The work we present in this paper aims to help teachers create multiple-choice science tests. We focus on a scientific vocabulary-learning scenario taking place in a Basque-language educational environment. In this particular scenario, we explore the option of automatically generating Multiple-Choice Questions (MCQ) by means of Natural Language Processing (NLP) techniques and the use of corpora. More specifically, human experts select scientific articles and identify the target terms (i.e., words). These terms are part of the vocabulary studied in the school curriculum for 13-14-year-olds and form the starting point for our system to generate MCQs. We automatically generate distractors that are similar in meaning to the target term. To this end, the system applies semantic similarity measures making use of a variety of corpus-based and graph-based approaches. The paper presents a qualitative and a quantitative analysis of the generated tests to measure the quality of the proposed methods.

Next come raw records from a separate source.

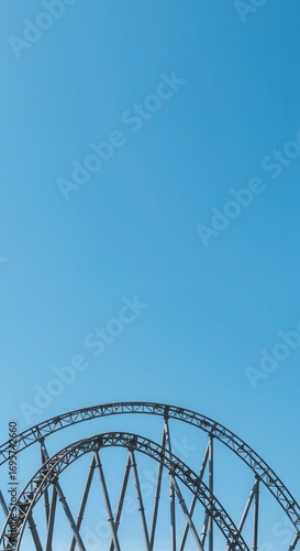 roller, coaster, track, steel, sky, blue, metal, amusement, park, structure, ride, attraction, vertical, arch, curve, bright, sunny, summer, vacation, fun, leisure, empty, daylight, clear, architecture, tour tourism, travel, steelwork, funfair, entertainment, beautiful, colourful, creative, modern, elegant, stylish, professional, decorative, vibrant, stunning, amazing, marvellously, fantastic, gorgeous, lovely, charming
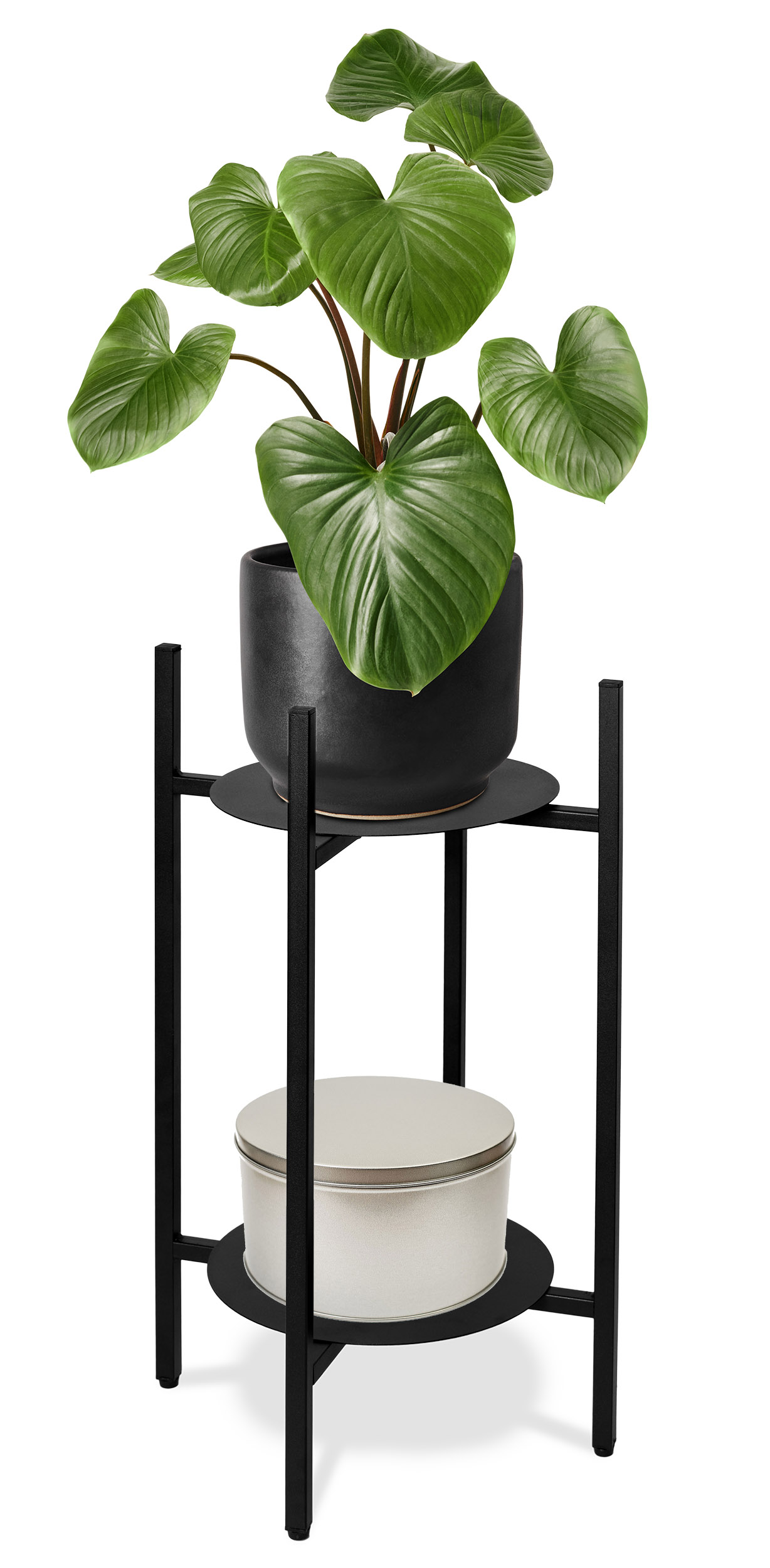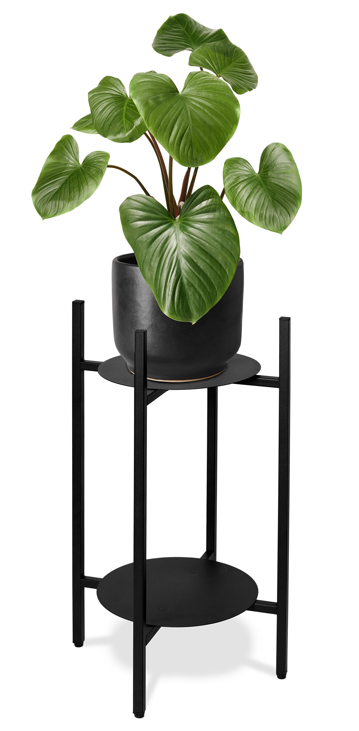 Uwaga: doniczka została użyta do celów aranżacyjnych. Przedmiotem sprzedaży jest metalowy, czarny stojak.
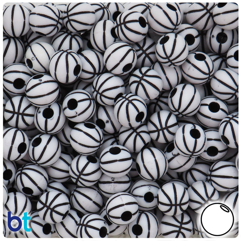 Our white shiny opaque finish round, black basketball design, pony beads measure 12mm diameter and have a 4mm hole that runs horizontally from nose to tail of the bead. These plastic novelty pony beads are imported from China and are sold in packs of approx. 48 beads. Pony beads are ideal for a wide variety of projects like; necklaces, bracelets, kandi and dream catchers. The larger hole is easier to thread so makes them perfect for children's parties, activity camps and VBS.
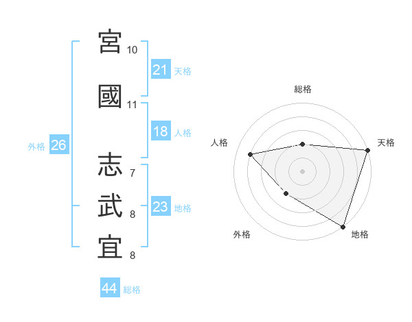 宮國 志武宜さんを姓名の画数から五運を鑑定
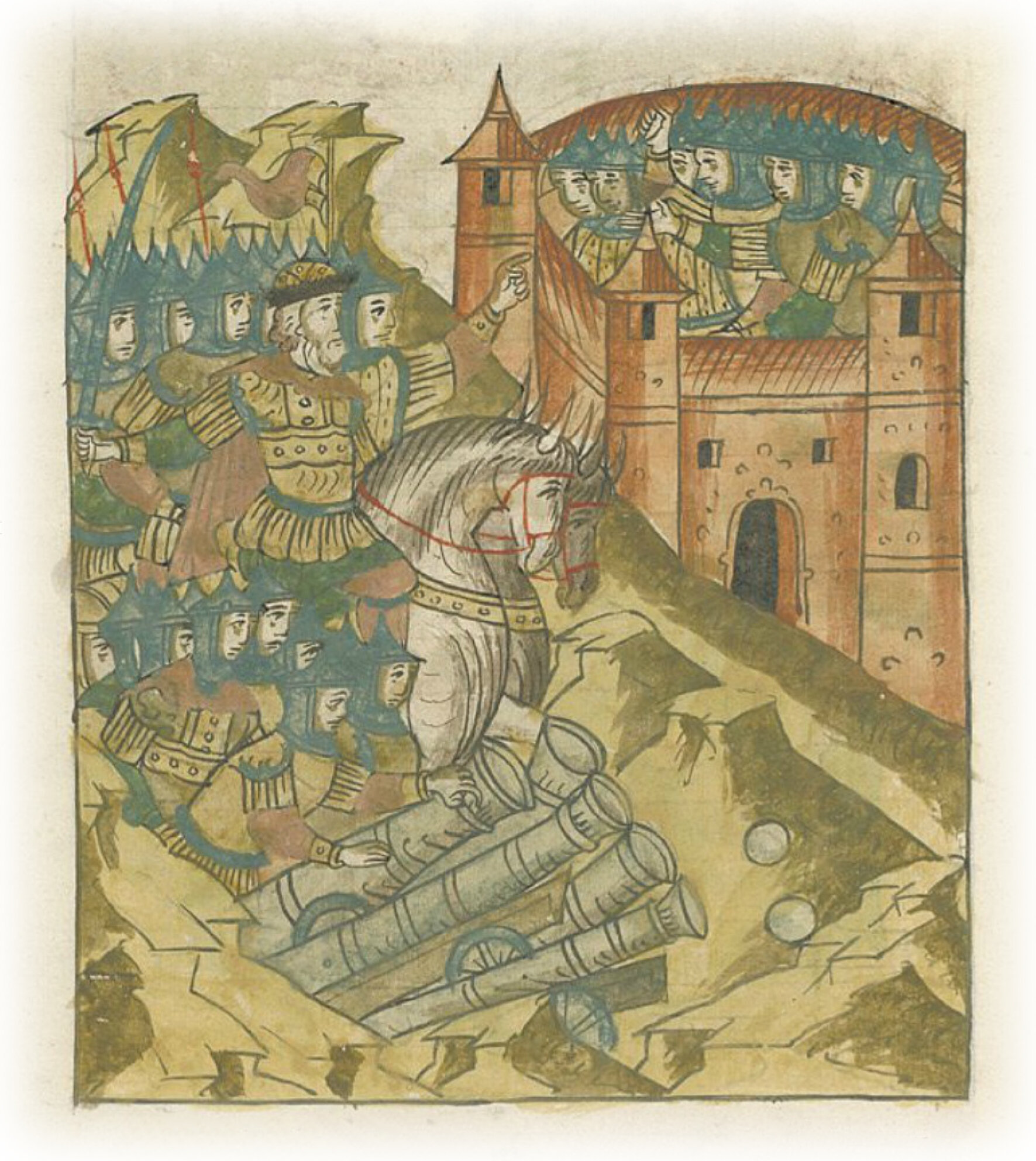 И тогда начали из города вопить и кричать, чтобы великий государь пожаловал, меч свой унял и бой повелел прекратить, а они хотят государю бить челом и город сдать. И великий государь вскоре повелел бой прекратить.
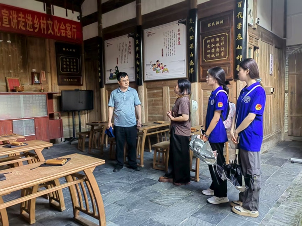 烟雨朦胧,实践队结伴走进古城镇丁黄村,惬意闲适的落日营地、页岩的铺巷垒阶、生机盎然的庭院、青瓦绿树让人眼前一亮。当地村干部介绍,近年来丁黄村依托自身资源优势,大力发展特色种植产业和乡村旅游,并聘请专业团队一起盘活村庄闲置资源、统一规划文旅发展,对村落实施“整村运营”。习近平总书记指出,“繁荣发展社会主义文艺”要“提升文艺原创力,推动文艺创新”,丁黄村天然的红色底蕴和建筑特色,让其成为独特的“天然摄影棚”,包括《绝命后卫师》、《古田军号》等11部影视作品在此取景拍摄,让大家感受到丁黄村的文艺烂漫底蕴。丁黄村的发展变迁也让村民们的腰包越来越鼓,村容村貌也发生了翻天覆地的变化——昔日的古村落既留住了乡愁,更走出了一条“红色文旅+绿色产业”的振兴新路。
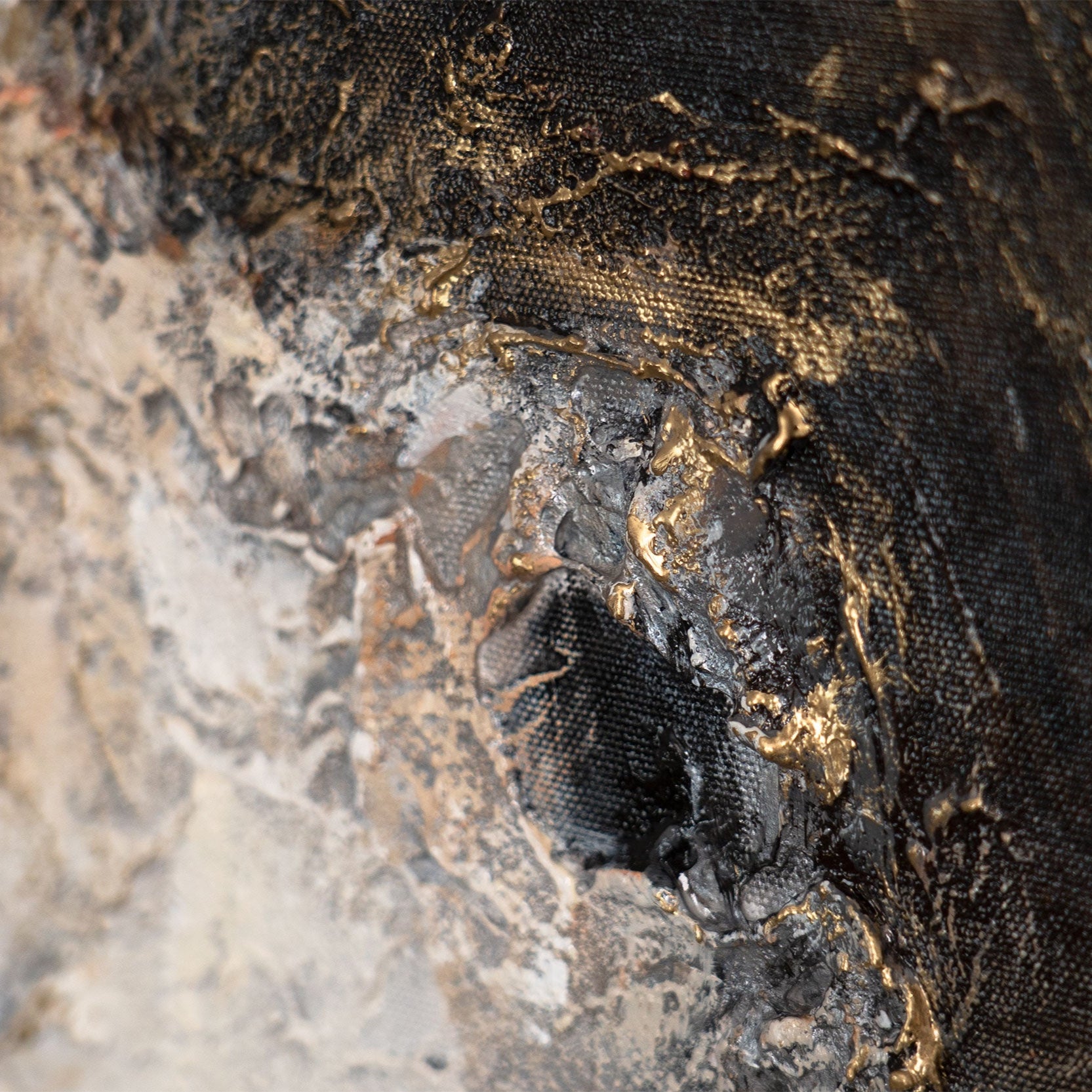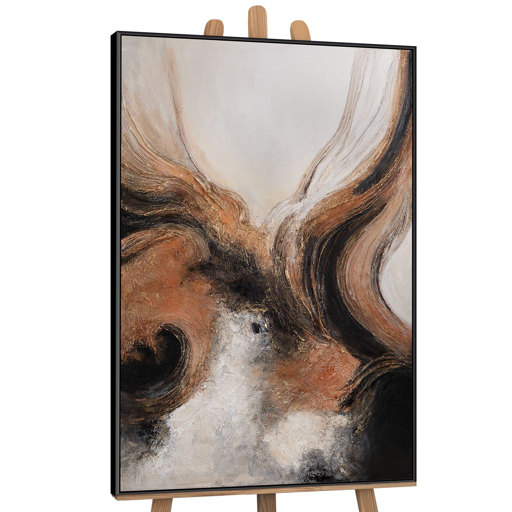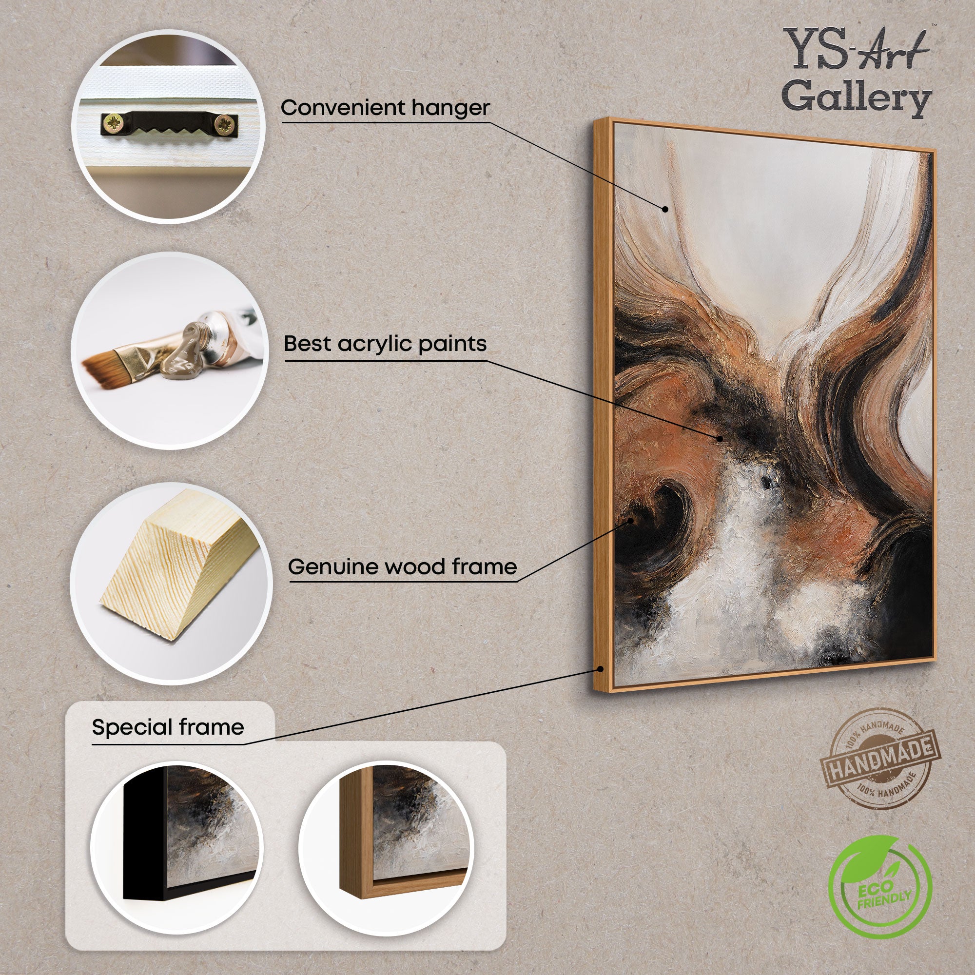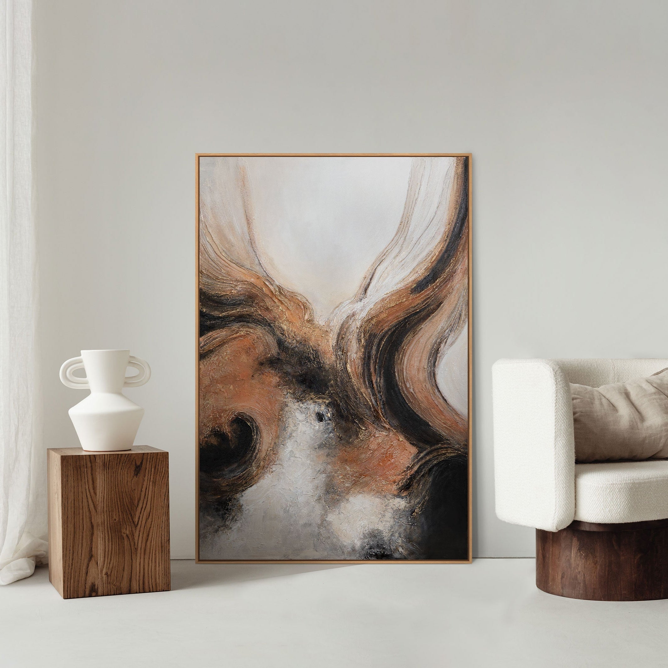 «Стихія в русі» – це абстрактна робота, де теплі відтінки охри та коричневого зливаються з глибокими чорними акцентами, створюючи відчуття руху й сили. Плавні лінії та контрастні переливи нагадують течію енергії, що виривається назовні. Текстурна поверхня підсилює виразність мазків і додає полотну глибини.
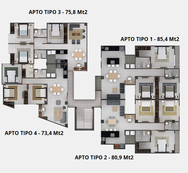 Apartamentos de 3 habitaciones (95 m2 y 102 m2) y 2 habitaciones + estudio (102 m2 y 95 m2 )
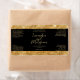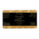 A label for cosmetics and/or soap products with a black background and a faux gold glitter border. This label contains space for your product name, business name, product weight, ingredients, instructions, social media, and business address. This label measures 3.75 inches by 2 inches (95 mm by 51 mm) and is suitable for bottles with a diameter of 1.2 inches (31 mm) or more such as 4 oz (120 ml) bullet, cylinder, and boston round bottles. It can also be used for cosmetic jars and other types of cosmetics packaging.
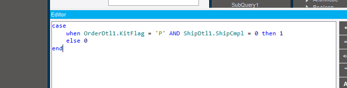 when OderDtl1.KitFlag = 'P' and (ShipDtl.ShipCmpl = 0 or ShipDtl.ShipCmpl IS NULL) then 1

The qualitative analysis is based on expert opinion, whereas the quantitative analysis is based on the MCQ test responses from students in secondary school. Nine hundred and fifty one students from 18 schools took part in the experiments. The results show that our system could help experts in the generation of MCQ.

[1]  Eiichiro Sumita,et al.  Measuring Non-native Speakers’ Proficiency of English by Using a Test with Automatically-Generated Fill-in-the-Blank Questions , 2005 .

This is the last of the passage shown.